Let's keep it simple (or, how to do metaprogramming without metaclasses)

Author: Michele Simionato
Date: 10 July 2006
Version: 0.5

Contents

Introduction

A few days ago I was at CERN, at the EuroPython 2006 conference. The conference was good, the organization perfect, the talks of very high level, the people extremely nice.

Nevertheless, I saw a trend growing in the Python community that disturbed me a little and motivated me to write this paper. The trend I am alluding to, is the trend towards cleverness. Unfortunately, whereas once cleverness was mostly confined to Zope and Twisted, now is appearing everywhere.

I personally don't have anything against cleverness for experimental projects and learning exercises. But I have a gripe against cleverness when I see it deployed in production frameworks that I am forced to cope with as an user.

Cleverness means making things more complicated than needed, making things more fragile, making the learning curve steeper and, worse of all, making debugging harder.

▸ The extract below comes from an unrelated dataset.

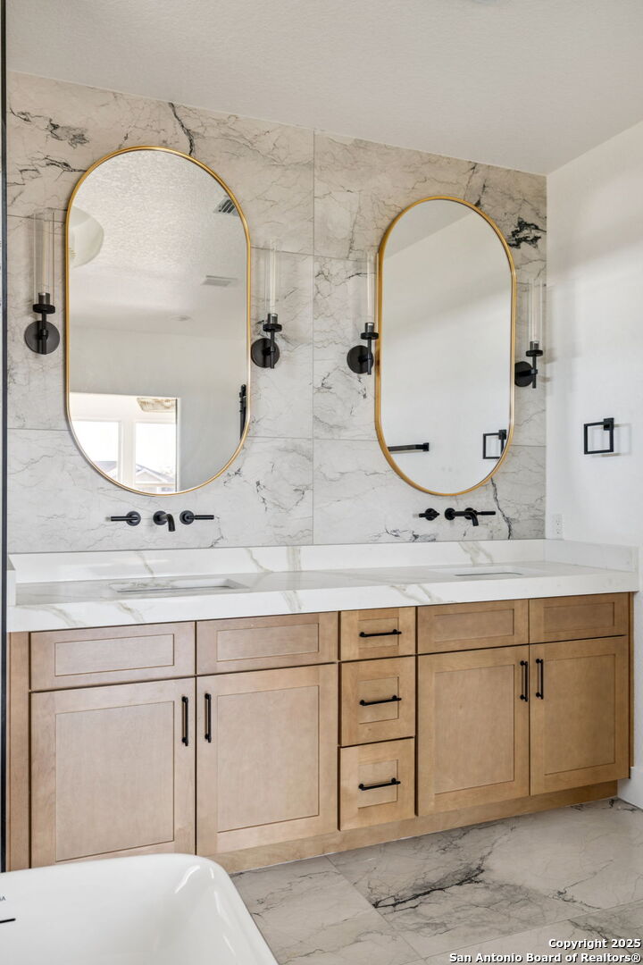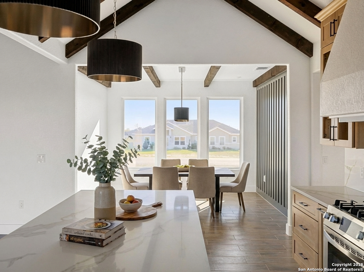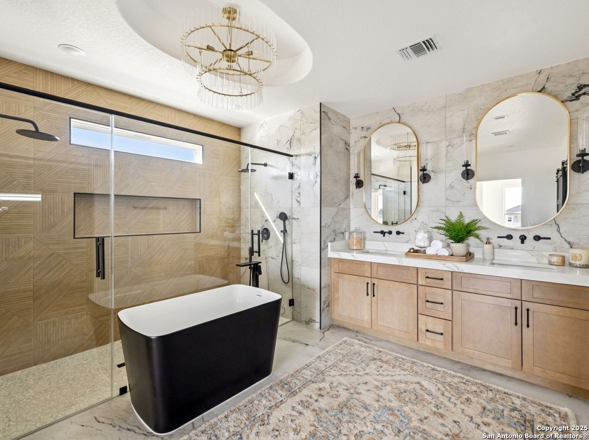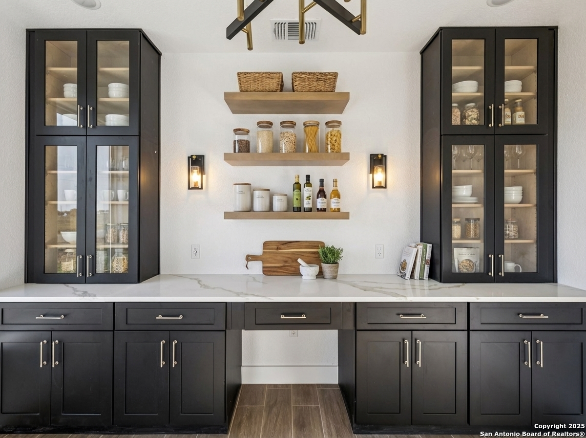 Step into a living room designed to impress, where soaring ceilings, refined architectural details, and a warm propane fireplace create an atmosphere of effortless sophistication. The space flows seamlessly into a chefinspired kitchen, beautifully appointed with new quartz countertops, sleek custom cabinetry, stainless steel appliances, and a generous walkin pantry-an elegant blend of style and function worthy of the most discerning entertainer. The dining area continues this sense of refinement, offering an inviting setting for intimate dinners or grand gatherings, all framed by the home's modern, elevated design. The primary suite is a sanctuary of luxury, featuring a serene ambiance, a spacious walkin closet, and a spalevel bathroom adorned with exquisite tilework, LED mirrors, and contemporary finishes that evoke a boutique hotel experience, while a second full master suite enhances the home's exclusivity, providing flexibility for multigenerational living or distinguished guest accommodations. The additional bedrooms are equally impressive, including a beautifully designed Jack and Jill layout with custom storage, stylish wood and black accents, and thoughtful details that elevate everyday living. Outdoors, the backyard offers a private retreat complete with a covered patio and a fully equipped outdoor kitchen-perfect for al fresco dining, weekend barbecues, or hosting under the stars-complemented by landscaping supported by a full sprinkler system and ample space for relaxation or entertaining, making this setting both peaceful and polished as it seamlessly extends the home's luxurious interior.
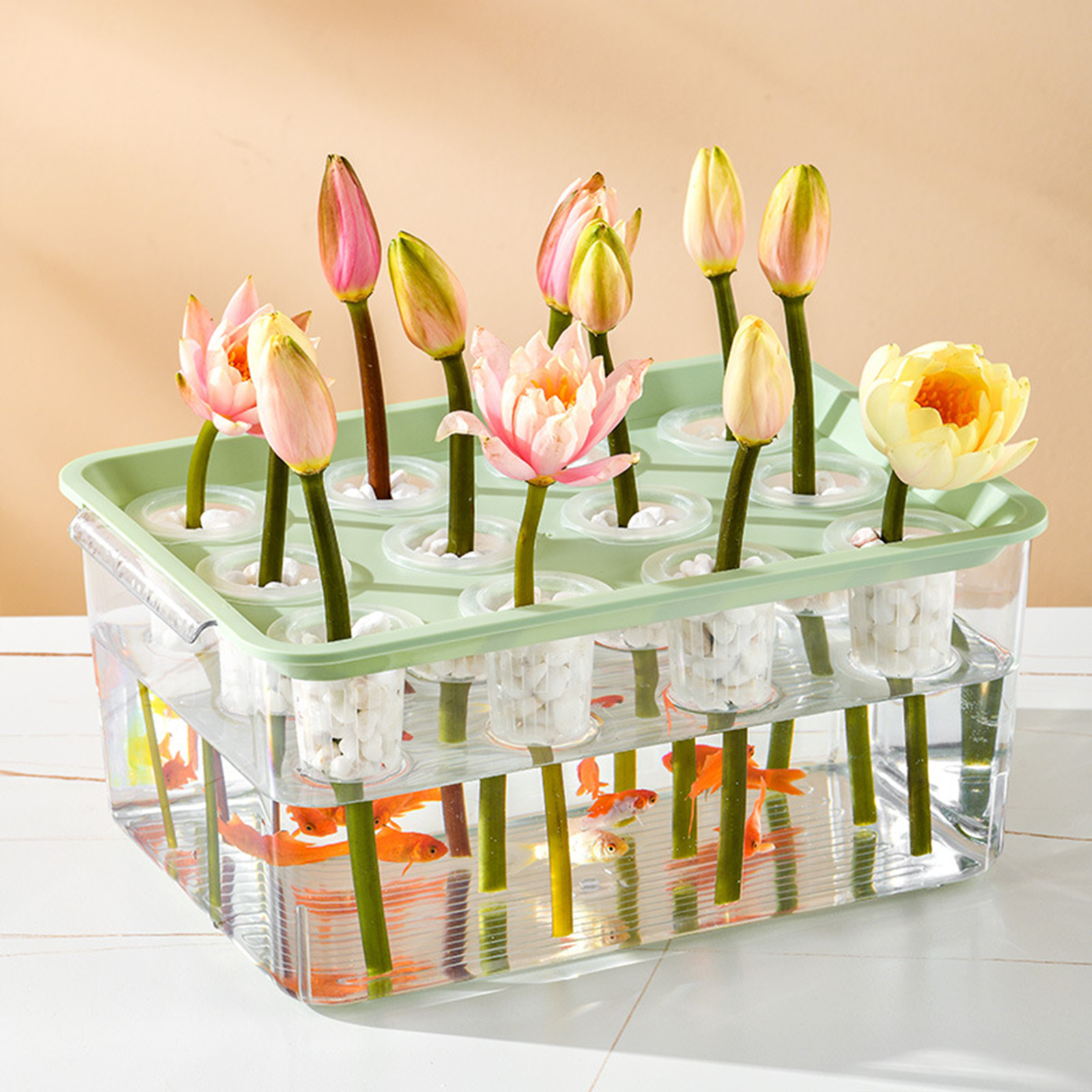 鱼菜共生一体箱 透明鱼缸无土栽培种植盒 阳台水培育苗园艺植物造景 带盖防水绿盖设计 附12只定植篮(可养金鱼/种菜)

In this short paper I will try to give my small contribution against cleverness, at least in a case where I have some expertise, i.e. against metaclass abuses.

Let me say that I consider metaclass abuse any usage of a metaclass in a situation where you could have solved the problem without a metaclass.

I feel in part responsible for some of the abuses I see floating around in newsgroups, in conferences and in frameworks source code, because of my (together with David Mertz) contribution in popularizing metaclasses, so I have decided to make amend with this paper.

This paper consider only one kind of metaprogramming technique, i.e. the creation at runtime of classes with attributes and methods which are dynamically generated. Contrarily to popular belief, this is a job where most of the time you don't need and you don't want a custom metaclass, as I will argue in the next section.

The paper is intended for a double target of readers:

If you are a lazy reader, your may just read the next paragraph and the last one, and forget about the details.

[1]The problem is that it is easy to be clever whereas it takes a lot of time to become unclever. For instance, it took me a few months to understand how to use metaclasses, but a few years to understand how not to use them.

About class initialization

By class initialization I mean setting attributes and methods of classes immediately after their creation, once and for all [2].

There are various common situations where a programmer may want to initialize her classes: for instance, she may want to set some default class attributes according to parameters read from a configuration file, or she may want to set class properties according to the fields in a database table.

The easiest way to perform class initialization is by using an imperative style: one first creates the class, and then adds the dynamically generated methods and attributes.

For instance, if the problem is to generate properties for an Article record class, an imperative solution is something like the following:

class Article(object):
   def somemethod(self):
       pass
   ...

set_properties(Article, [('title', str), ('author', str), ('date', date)])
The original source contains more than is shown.